Seeing Differently: Redefining Leadership

If your actions inspire others to dream more, learn more, do more and become more, you are a leader.

~John Quincy Adams

What has become of leadership?  This word seems to get tossed around like the word “great” to the point that it has lost its essence.  The quote above from John Quincy Adams defines the essence of leadership.  Elegant in its simplicity, the language Adams uses gets to the heart of what it means to be a leader.

Believership author and HumansFirst Club Founder, Mike Vacanti, invites us into a different perception about leadership, one not linked to authority and adherence to it.

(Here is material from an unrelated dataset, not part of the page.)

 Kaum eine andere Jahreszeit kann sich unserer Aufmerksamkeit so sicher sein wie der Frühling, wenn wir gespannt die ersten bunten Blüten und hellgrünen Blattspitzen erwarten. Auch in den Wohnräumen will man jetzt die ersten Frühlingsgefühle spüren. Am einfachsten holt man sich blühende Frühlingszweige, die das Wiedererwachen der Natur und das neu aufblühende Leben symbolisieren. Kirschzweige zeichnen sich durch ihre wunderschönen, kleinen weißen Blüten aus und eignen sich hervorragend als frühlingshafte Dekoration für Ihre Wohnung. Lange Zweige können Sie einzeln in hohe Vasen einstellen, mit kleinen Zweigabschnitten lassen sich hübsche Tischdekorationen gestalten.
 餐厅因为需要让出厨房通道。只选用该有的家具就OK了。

Separate authority from those you would follow. Are they the same people?

~Mike Vacanti

Again, elegant in its simplicity.  A leader is someone you would choose to follow.  Inherent in this perspective is the notion that you do not determine whether you are a leader or not, those who choose to follow you do.  Your title or authority may put you in a position to be a leader.  Whether you are a leader brings us back to John Quincy Adams’ quote on how you show up to create better with and for others from that position.

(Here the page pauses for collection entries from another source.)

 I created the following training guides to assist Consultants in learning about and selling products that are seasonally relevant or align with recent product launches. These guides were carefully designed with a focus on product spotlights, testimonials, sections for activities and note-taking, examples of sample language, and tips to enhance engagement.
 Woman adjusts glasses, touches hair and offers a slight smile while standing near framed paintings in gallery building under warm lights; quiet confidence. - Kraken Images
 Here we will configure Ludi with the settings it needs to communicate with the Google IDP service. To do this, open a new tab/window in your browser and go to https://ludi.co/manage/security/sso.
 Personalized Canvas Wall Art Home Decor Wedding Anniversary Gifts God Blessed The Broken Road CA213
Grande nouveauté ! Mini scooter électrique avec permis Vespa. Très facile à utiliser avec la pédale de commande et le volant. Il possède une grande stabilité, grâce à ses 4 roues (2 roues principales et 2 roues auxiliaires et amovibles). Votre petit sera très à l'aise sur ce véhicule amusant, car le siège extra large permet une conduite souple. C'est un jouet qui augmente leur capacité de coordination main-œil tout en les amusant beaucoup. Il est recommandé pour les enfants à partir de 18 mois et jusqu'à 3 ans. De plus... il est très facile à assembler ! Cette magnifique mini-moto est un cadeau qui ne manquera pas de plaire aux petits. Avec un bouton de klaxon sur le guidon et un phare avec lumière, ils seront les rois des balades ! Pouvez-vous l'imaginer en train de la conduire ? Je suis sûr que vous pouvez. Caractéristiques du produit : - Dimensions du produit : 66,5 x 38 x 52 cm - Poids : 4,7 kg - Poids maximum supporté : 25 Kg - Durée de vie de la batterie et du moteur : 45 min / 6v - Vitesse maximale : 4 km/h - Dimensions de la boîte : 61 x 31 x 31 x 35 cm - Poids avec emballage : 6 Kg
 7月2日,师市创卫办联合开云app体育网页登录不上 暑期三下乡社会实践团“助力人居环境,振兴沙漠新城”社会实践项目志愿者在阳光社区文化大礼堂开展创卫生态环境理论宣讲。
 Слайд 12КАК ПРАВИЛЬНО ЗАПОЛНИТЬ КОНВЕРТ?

Yet, we have become so conditioned to be management-focused that we too often view leadership through the tried and clung-to lens of management language, behaviors and metrics. For many, determined to remain rooted in the ideologies of the Industrial Age and the command and control leadership style so often representative of it, leadership and management have become dehumanizingly synonymous.

Here is my invitation to you: stop using language that reinforces the outdated and erroneous notion that people are to be managed. Support this by living values and practices that support the development and success of leaders who expand human capacity, invite and engage different perspectives and inspire people to create better with and for others.

We manage budgets. We manage calendars. We manage projects. We lead people. Beyond simply leading people, leadership is about leading people to create positive outcomes together.

To those of you who may see yourself as a “people manager”, what if you reframed this to “I am a people leader”?  You may manage the employee roster or human capacity needs for your organization. You might be in charge of a functional team of people responsible for delivering business support or solutions for your clients. Your role may be to manage projects and the associated work assignments and delivery for your team. These are tasks you manage.  To create value and successfully deliver the project, you lead people to be and bring their best contributions so you can create better together.

A leader’s role is to create the conditions that enable growth and success, such as:

  • psychological safety
  • proactive, transparent communication
  • setting clear expectations
  • defining clear roles and responsibilities
  • being the calm navigator through the challenges and uncertainties that might arise
  • inviting the perspectives of others to interdependently co-create solutions that best serve your clients’ needs

Leadership requires you to be in the fray with your team, interdependently working to solve problems and deliver value. Leadership requires that you lead from the front during difficult times, you celebrate and recognize your people and their contributions to success, and you model what you seek to inspire and see from others to create an interdependent, creative, innovative team that aspires to be and create better together.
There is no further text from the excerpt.